I'm going to see if I can reproduce this with a simple platform, basic-cli may cause a bunch of distractions when debugging.

view this post on Zulip Anton (Jun 10 2025 at 17:52):

Reproduction with simple platform :tada:
The list argument is key, even though it is unused! It does not happen with myargs = 5 or {}, but it does also happen with "".

app [main!] { pf: platform "../test-platform-effects-zig/main.roc" }

import pf.Effect

main! : {} => {}
main! = |{}|
    myargs = []
    when wrapper!(myargs) is
        Ok(he) -> Effect.put_line!(Inspect.to_str(he))
        Err(e) -> Effect.put_line!(Inspect.to_str(e))

wrapper! = |_args|
    Effect.foo_line!("1")?
    Effect.foo_line!("2")?
    Effect.foo_line!("3")?
    Effect.foo_line!("4")?
    Effect.foo_line!("5")?
    Effect.foo_line!("6")?
    Effect.foo_line!("7")?
    Effect.foo_line!("8")?
    Effect.foo_line!("9")?
    Effect.foo_line!("10")?
    Effect.foo_line!("11")?
    Effect.foo_line!("12")?
    Effect.foo_line!("13")?
    Effect.foo_line!("14")?
    Effect.foo_line!("15")?
    Effect.foo_line!("16")?
    Effect.foo_line!("17")

view this post on Zulip Anton (Jun 10 2025 at 18:15):

Using myargs = [] instead of myargs = 0 leads to 73628 more calls of roc_mono::inc_dec::insert_refcount_operations_stmt

view this post on Zulip Brendan Hansknecht (Jun 10 2025 at 18:28):

Wow....crazy :rolling_on_the_floor_laughing:

view this post on Zulip Brendan Hansknecht (Jun 10 2025 at 18:40):

I wonder what we are scanning over that explodes like that

view this post on Zulip Brendan Hansknecht (Jun 10 2025 at 18:40):

Or recursiving over

view this post on Zulip Ayaz Hafiz (Jun 10 2025 at 23:38):

is this still doing the closure thing?

view this post on Zulip Ayaz Hafiz (Jun 10 2025 at 23:38):

where Effect is a continuation monad

view this post on Zulip Ayaz Hafiz (Jun 10 2025 at 23:38):

if so, that's probably why

view this post on Zulip Brendan Hansknecht (Jun 11 2025 at 00:46):

Ah yeah, I thought it didn't have closures, but probably has repeat calls to Result.try

view this post on Zulip Brendan Hansknecht (Jun 11 2025 at 00:46):

Otherwise, it is a gigantic nested when is

view this post on Zulip Anton (Jun 11 2025 at 18:51):

Ayaz Hafiz said:

is this still doing the closure thing?

Yeah it's using closures, but do you know why that would result in a massive difference depending on the type of myargs?

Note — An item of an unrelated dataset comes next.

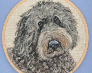 All of my custom portraits are made of 100% wool and are done by poking wool onto a background (either wool or linen) with a special barbed needle. I then layer colors to achieve a "painted" wool portrait.
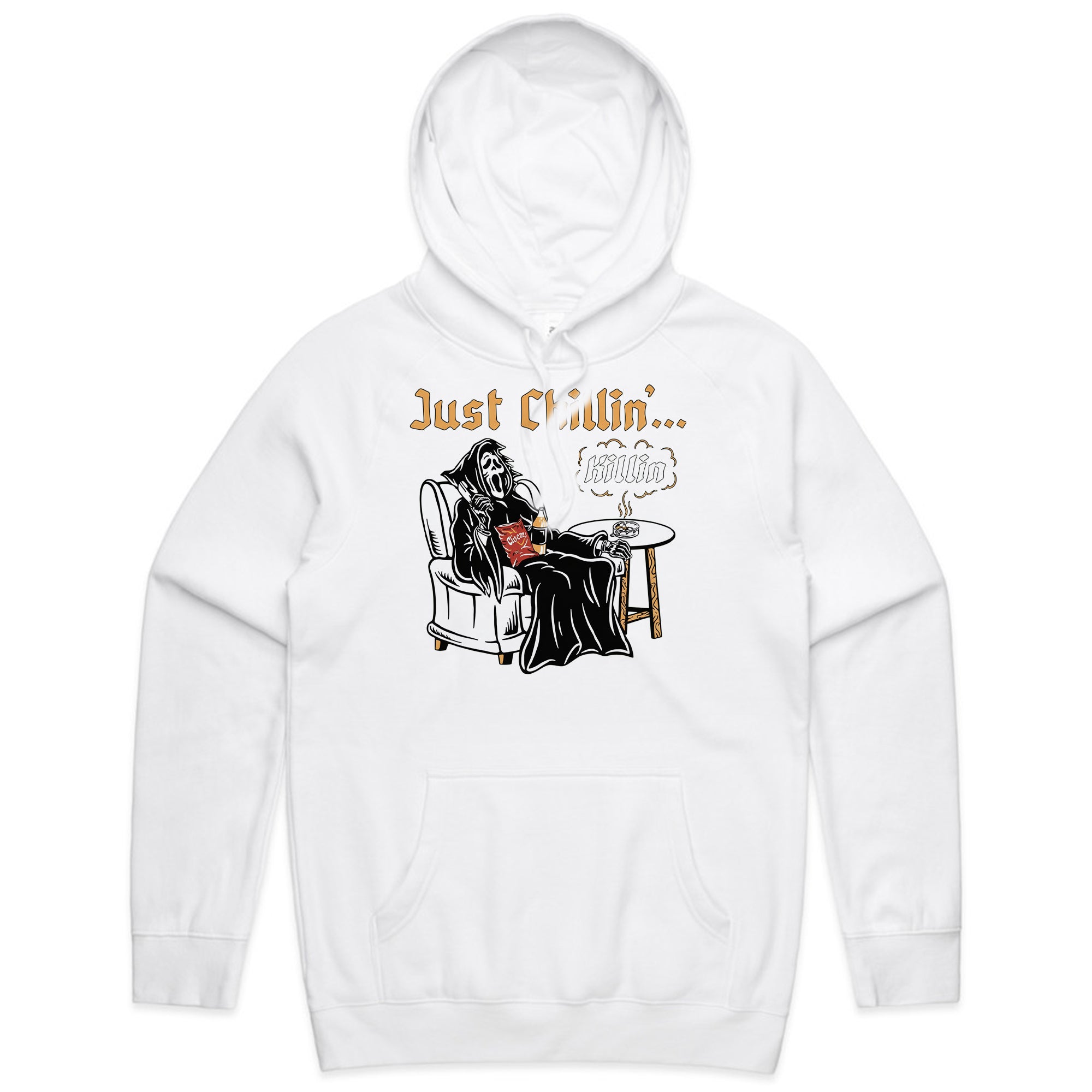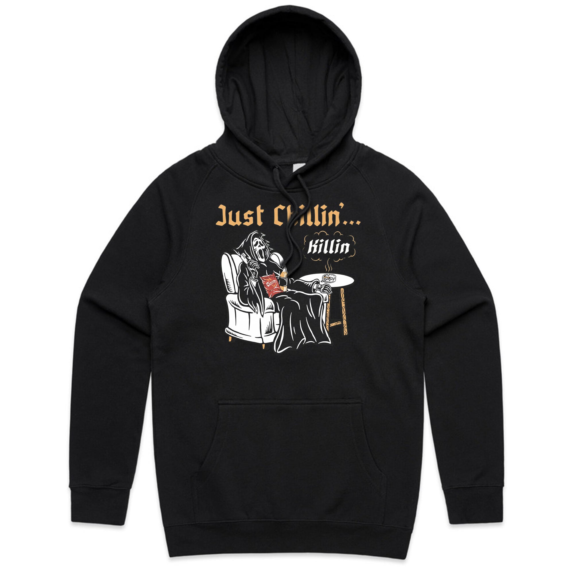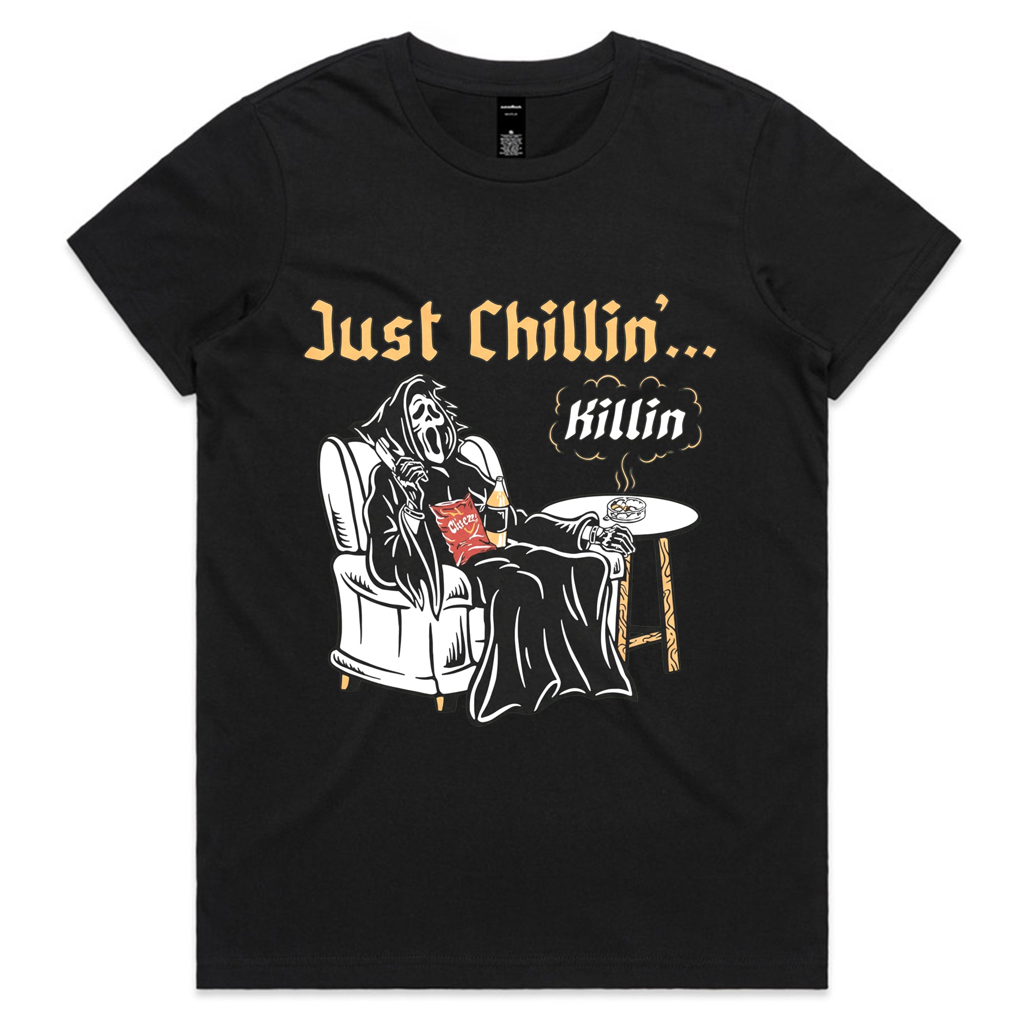 A black T-shirt featuring the Ghostface killer from the movie Scream relaxing in an armchair, holding a phone, a bottle of beer, and a bag of "Cheese" snacks.

view this post on Zulip Brendan Hansknecht (Jun 11 2025 at 18:53):

Lists are refcount

view this post on Zulip Brendan Hansknecht (Jun 11 2025 at 18:54):

Ints and records are not

view this post on Zulip Brendan Hansknecht (Jun 11 2025 at 18:54):

And all values are being nestedly captured for each closure

view this post on Zulip Brendan Hansknecht (Jun 11 2025 at 18:54):

Still really should not explode like that....feels exponential...probably a bad algorithm.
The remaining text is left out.